Smith, Zorlu PSM'deki imza günü öncesi basınla bir araya geldi.
Hayatınızın bu noktasında sizi ne mutlu ediyor?
Hâlâ yaşıyor olduğuma memnunum. Bu çok basit bir cevap gibi görünebilir ama sevdiğim birçok insan, eşim, kardeşim, piyanistim, Robert Mapplethorpe, birçok sanatçı ve müzisyen artık hayatta değil. O yüzden hâlâ yaşadığım ve çalışabildiğim için mutluyum.
Sevgi sizin için ne demek?
'Dancing Barefoot' şarkısından örnek verebilirim.

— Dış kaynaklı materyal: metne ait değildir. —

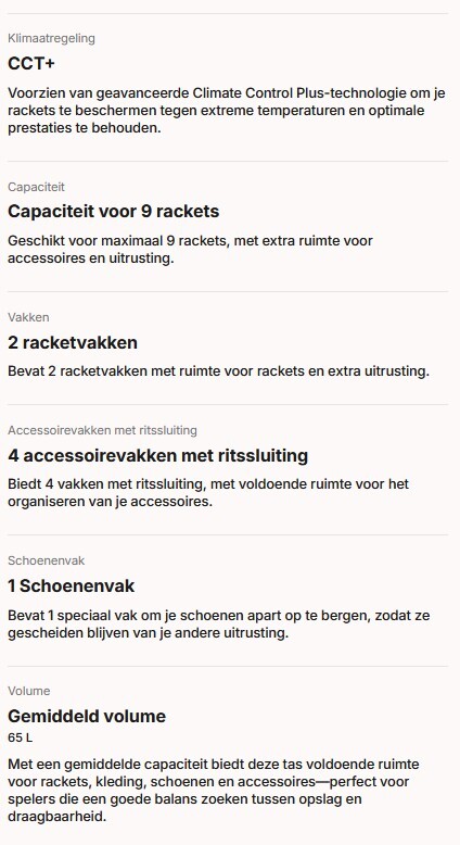 CCT+-klimaatbeheersingstechnologie voor bescherming van jouw rackets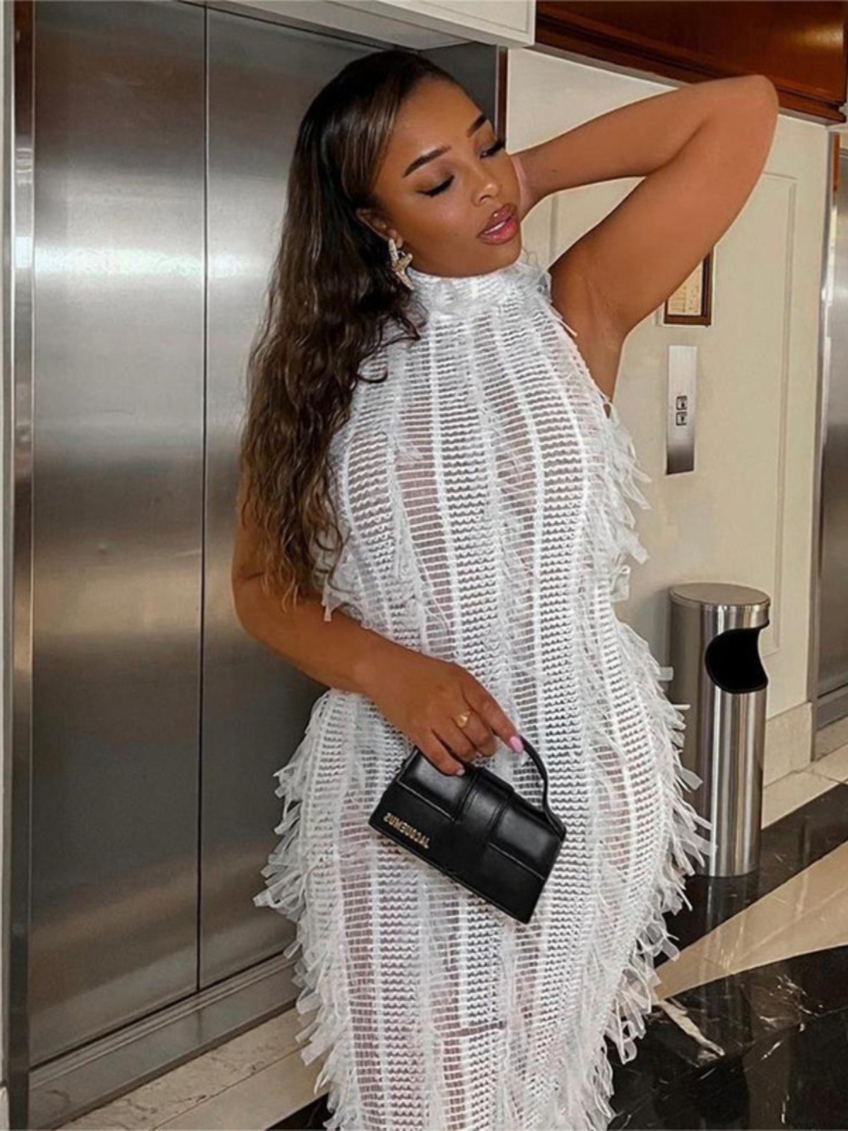 4.Adorned with charming tassels, the dress sways with every movement, adding a playful and flirty element.

Orada üç sevgi seviyesi vardır: insanlara duyduğum, tanrıya duyduğum ve o sırada müstakbel eşim Fred 'Sonic' Smith'e duyduğum sevgi.
Sizce Trump seçimi kazanırsa ne olur?
Şu ana kadar olan süreç bile ABD'ye yeterince zarar verdi. İnsanlarda nefret hissini uyandırmaya çalışan, dar kafalı bir adam. O bir 'ünlü', biz de bir 'ünlüler' dünyasında yaşıyoruz ve bu dünyada yaşamanın korkunç sonuçlarını yaşıyoruz. Ancak Donald Trump'ın karşısında tüm gücüyle çalışacak insanların da olduğunu biliyorum. Trump'ın en korkunç yanı, insanların içindeki zorbayı uyandırması.
Hangisi sizi daha iyi tanımlıyor, şair mi müzisyen mi?
Hayatım boyunca şiir yazdım, performanslarım, kayıtlarım, 'Horses' hep şiirimden meydana çıktı. Hiçbir zaman müzisyen olmayı düşünmedim, bir şey çalamam, eğitimim yok. Ama bir yorumcuyum ve yorumlarım hep şiir içerir.
Müzik endüstrisinin gidişatı hakkında ne düşünüyorsunuz?
Neredeyse 70 yaşındayım. Rock'n roll'un doğumuna ve evrimine tanıklık ettim. EP'ler, single'lar, kasetler, CD'ler... Şu anda müziğin sunuluş biçimi bana çok yabancı. Streaming hiç kullanmıyorum, plak da çalmıyorum. Müzik endüstrisi o dönemin genç insanları nasıl istiyorsa o yönde ilerliyor kanımca. Örneğin Jimi Hendrix'in zamanında nasıl çaldığını duyabilmek için plaklara yöneldiler. Bu evrim sürecek.
Sizce müzik dünyayı değiştirebilir mi?
İnsanlar dünyayı değiştirir. Şarkılar onlara ilham verir, onlar da o ilhamla bir araya gelip bir şeyleri değiştirebilirler.
Bugün olsa aynısını yaparım
Geçen 40 yıl içinde 'Horses'ta 'keşke farklı yapsaydım' dediğiniz bir taraf oldu mu?
Yaptığım hiçbir şeyi değiştirmeyi düşünmedim, istediğim kadar iyi çıkmayan işlerimde bile. 'Horses'ı ortaya çıkarırken 26-27 yaşındaydım ve o sırada yapabileceğimin en iyisi buydu. Daha iyi bir şey yaratacak yeteneğim yoktu. Eğer daha iyisini yapacağımı, geliştireceğimi düşünürsem bunu şimdi yaparım, ama çıkardığım işlerin arkasındayım, gerekeni yaptılar. Mükemmel olduklarını düşündüğümden değil, o sırada yapabileceğimin en iyisi olduklarından arkasındayım işlerin.